Reputation: 156
I'm using the following public dataset to practice linear regression:
https://www.kaggle.com/theforcecoder/wind-power-forecasting
I tried to do a least squares regression using numpy polynomial, and I ran into issues because the columns had nan values
applying dropna to the dataframe from where i extract the columns does not have an effect.

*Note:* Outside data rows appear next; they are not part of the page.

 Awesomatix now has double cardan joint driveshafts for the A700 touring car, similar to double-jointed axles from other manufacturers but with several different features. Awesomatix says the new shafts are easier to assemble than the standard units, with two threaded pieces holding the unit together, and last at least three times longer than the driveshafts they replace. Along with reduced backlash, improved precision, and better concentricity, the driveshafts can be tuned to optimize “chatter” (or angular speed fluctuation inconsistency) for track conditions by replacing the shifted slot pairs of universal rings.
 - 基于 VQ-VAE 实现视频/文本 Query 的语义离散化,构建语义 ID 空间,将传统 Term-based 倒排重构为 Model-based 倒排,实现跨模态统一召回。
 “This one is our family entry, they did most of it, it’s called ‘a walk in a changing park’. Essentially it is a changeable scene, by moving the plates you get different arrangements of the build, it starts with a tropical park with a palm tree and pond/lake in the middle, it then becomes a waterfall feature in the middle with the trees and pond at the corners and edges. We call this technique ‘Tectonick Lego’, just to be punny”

I tried both using in_place=True and defining a new dataframe, but neither works:
LSFitdDf = BearingTempsCorr[['WindSpeed', 'BearingShaftTemperature']]
LSFitdDf = LSFitdDf[['WindSpeed', 'BearingShaftTemperature']]

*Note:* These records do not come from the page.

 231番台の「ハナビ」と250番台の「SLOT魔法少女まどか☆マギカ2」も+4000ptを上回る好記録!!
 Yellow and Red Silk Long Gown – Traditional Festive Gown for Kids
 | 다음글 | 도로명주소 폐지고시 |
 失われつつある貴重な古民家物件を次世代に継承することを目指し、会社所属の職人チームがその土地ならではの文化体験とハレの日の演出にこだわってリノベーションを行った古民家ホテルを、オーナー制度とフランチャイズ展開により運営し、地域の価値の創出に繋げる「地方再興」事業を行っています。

WindSpeed = BearingTempsCorr['WindSpeed']
BearingShaftTemperature = BearingTempsCorr['BearingShaftTemperature']
print(len(WindSpeed))
print(len(BearingShaftTemperature))
and
LSFitdDf = BearingTempsCorr[['WindSpeed', 'BearingShaftTemperature']].dropna()

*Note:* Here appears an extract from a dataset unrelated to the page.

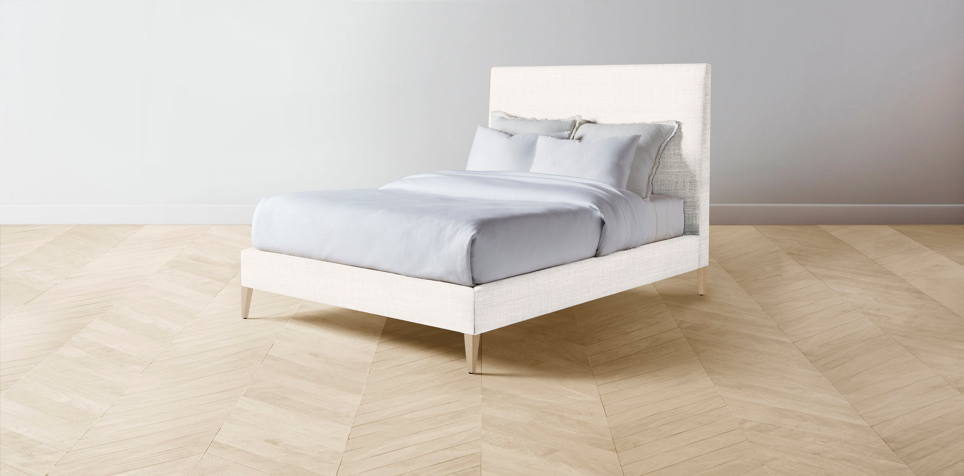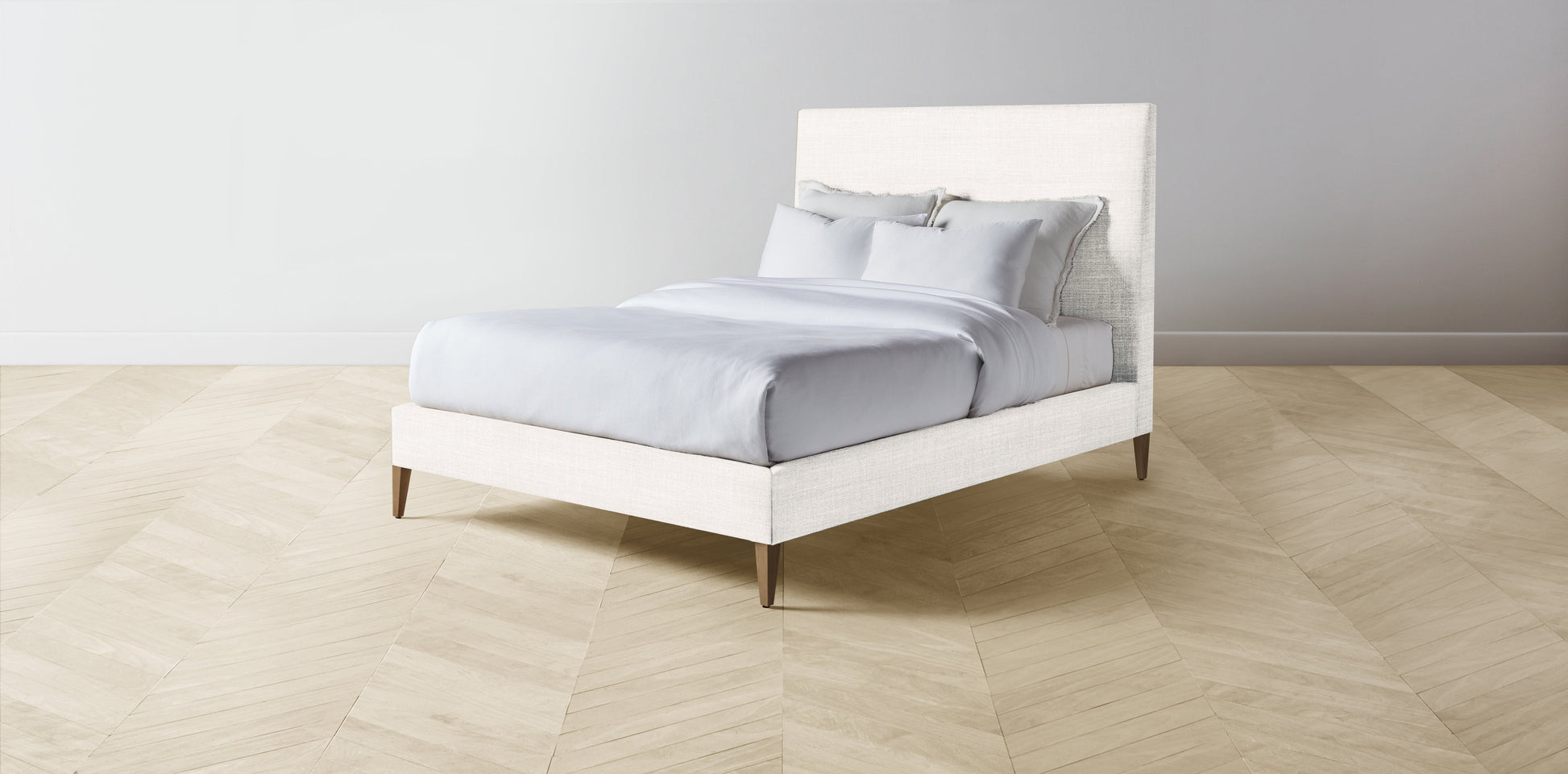 The Essex - Performance Textured Tweed Snow Bed - 56" Headboard - Muslin on reverse

LSFitdDf = LSFitdDf[['WindSpeed', 'BearingShaftTemperature']]
WindSpeed = BearingTempsCorr['WindSpeed']
BearingShaftTemperature = BearingTempsCorr['BearingShaftTemperature']
print(len(WindSpeed))
print(len(BearingShaftTemperature))
Both produce the same output (length of both columns=323)
However, applying dropna to the columns themselves does drop rows:
WindSpeed = BearingTempsCorr['WindSpeed'].dropna()
BearingShaftTemperature = BearingTempsCorr['BearingShaftTemperature'].dropna()
results in lengths=(316, 312)
However this introducces a new problem: regression cannot be applied because x and y have different lengths
What is going on here?
Upvotes: 1
Views: 151
Reputation: 973
There is an error in your code:
WindSpeed = BearingTempsCorr['WindSpeed']
BearingShaftTemperature = BearingTempsCorr['BearingShaftTemperature']
You use BearingTempsCorr
, but you should use LSFitdDf
(where you saved dropna values).
WindSpeed = LSFitdDf['WindSpeed']
BearingShaftTemperature = LSFitdDf['BearingShaftTemperature']
P.S. You also have redundant line, which just copies the LSFitdDf
into the same variable.
LSFitdDf = LSFitdDf[['WindSpeed', 'BearingShaftTemperature']]
P.P.S. The most clear way to get the whole dataset but drop lines with NA values in desired columns is
BearingTempsCorr.dropna(subset=['WindSpeed', 'BearingShaftTemperature'])
Upvotes: 1